The fact that more than 70-percent of Apple’s bread is buttered by iPhone should tell us something. Apple has perhaps 700-million iOS customers, but only 10-percent of that number are Mac users. Are there ways that Mac users are treated as second class citizens? Yes.
Apps, Developers, Music, Oh My!
The iPhone App Store has more than a million applications and competition for eyeballs and money is such that apps for iPhone and iPad are dramatically less expensive than comparable apps for the Mac. In many cases we Mac users pay more for the same functionality.
Craig Hockenberry thinks even Mac App Store developers are treated like second-class citizens because Apple does not provide the same app development tools for the Mac as it does for iPhone and iPad apps. Apple has opened up iOS and OS X betas to the general public, but if a Mac user wants to write a negative review while using a beta version of OS X El Capitan, they can. That’s not fair, obviously, so why is it prevented on iOS beta versions and not the Mac?
Apple charges Mac app developers the same 30-percent cut it takes for iOS apps, but delivers fewer features for those same developers. The company’s new Apple Music service is heavily featured on iPhone and iPad. The Mac and iTunes? Not so much.
What’s interesting about this disparity and class distinction is the amount of attention iPhone gets vs. other Apple products. Apple has gone through dramatic, gut-wrenching changes since co-founder Steve Jobs returned in 1997. Back then Apple was the Mac. Today, Apple is a hardware company whose revenue and profits are primarily based on iPhone; software and services are an afterthought, and one can argue so is the Mac.
Most Macs sold these days are notebooks, and Apple goes where the money is; expensive, classy, luxurious Mac models with mobility built-in, but traditional Mac models– iMac and Mac Pro– have problems and positioning issues not found in the iPhone line. For example, I have a large desktop iMac with the Retina 5k display. The first display had ghosting issues so it was replaced. The second display now has the same ghosting issues and needs to be replaced. Apple once sold multiple standalone displays for the Mac, but today all that’s available is a lonely and outdated Thunderbolt display that does not compare favorably to competitor offerings despite being twice the price.

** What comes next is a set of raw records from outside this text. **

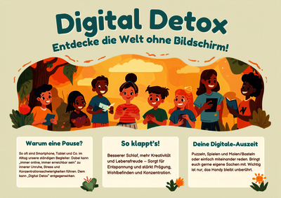 | Information | So oft sind Smartphone, Tablet und Co. im Alltag unsere ständigen Begleiter. Dabei kann „immer online, immer erreichbar sein“ zu innerer Unruhe, Stress und Konzentrationsschwierigkeiten führen. Dem kann „Digital Detox“ entgegenwirken. Denn: Für eine bestimmte Zeit einfach mal offline zu gehen, schafft Raum für Erholung, Kreativität und analoge Aktivitäten. Ein idealer Moment, um gemeinsam mit anderen eine entspannte Auszeit von der digitalen Dauerbeschallung zu nehmen und in eine behagliche Gegenkultur einzutauchen. Auf dem Programm ohne Handy und Tablet stehen Lesen (Bücher/Zeitung/Comic), Puzzeln, Spielen und Malen/Basteln oder einfach miteinander reden. Bringt euch gerne eigene Sachen mit. Wichtig ist nur, das Handy bleibt unberührt. Vielleicht sperren wir es auch einfach ein. Die Veranstaltung ist kostenlos. Eine Anmeldung hierfür ist jedoch erforderlich. |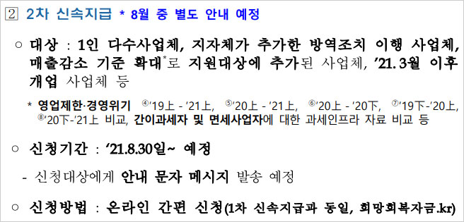 집합금지 및 영업제한을 이행했으나 지자체의 절차 지연 등으로 1차 신속지급에 포함되지 않았던 2500개 업체도 이번 소상공인 희망회복자금 2차 대상자에 포함되어 지원됩니다. 1차 신속지급으로 지원받았으나 지원금 상향이 필요한 사업체(2만8000개)는 별도 신청없이 9월6일부터 차액을 지급받게 된다고 합니다.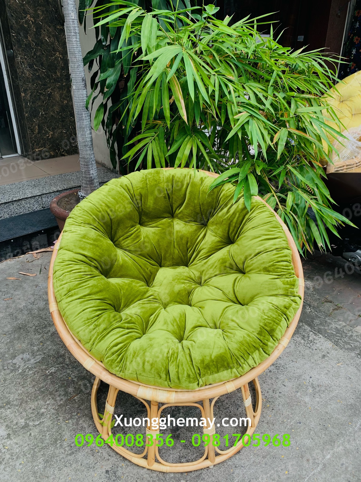 - Nệm ngồi: Đặc trưng của ghế papasan là phần đệm cao cấp với lõi là bồn gòn loại một, được nhấn múi đẹp mắt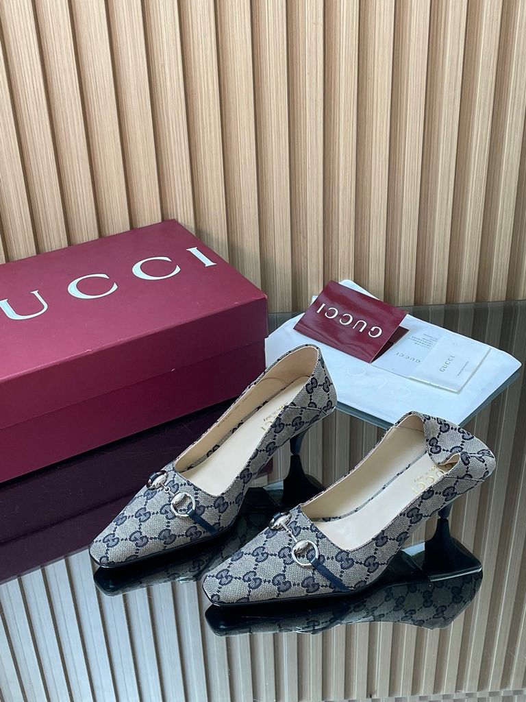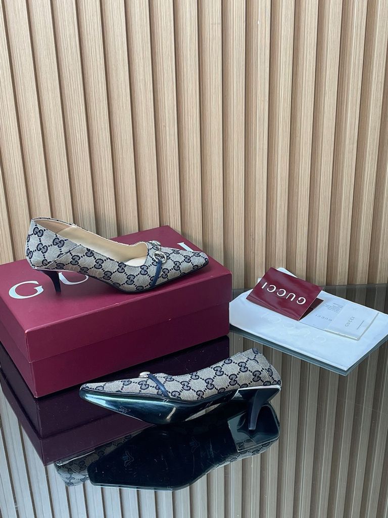 GIÀY CAO GÓT NỮ GC VITTORIA GG CANVAS KHÓA NGỰA BIỂU TƯỢNG – MŨI VUÔNG THANH LỊCH GÓT 5.5CM 1650K (HÀNG ORDER QUỐC TẾ)

MacBook Pro owners with screen issues had to resort to a class action lawsuit to get Apple executives to look up from their iPhones (ostensibly while checking AAPL on the market) long enough to pay attention to a Mac problem the company ignored for a few years. It’s not that the Mac isn’t profitable for Apple. It is. Reports indicate that the Mac, still selling in record numbers, takes home half the PC industry’s profits. It’s just that the Mac isn’t Apple’s future. Mobile devices are the future and that’s where Apple pays attention.
Apple under CEO Tim Cook seems to have become a kinder, gentler Apple than it was under Steve Jobs; the company appears to be more socially aware, and displays a public conscience on social issues. But as Apple and its executive team ages it’s become increasingly clear that there’s a hearing problem that has been identified but not acknowledged.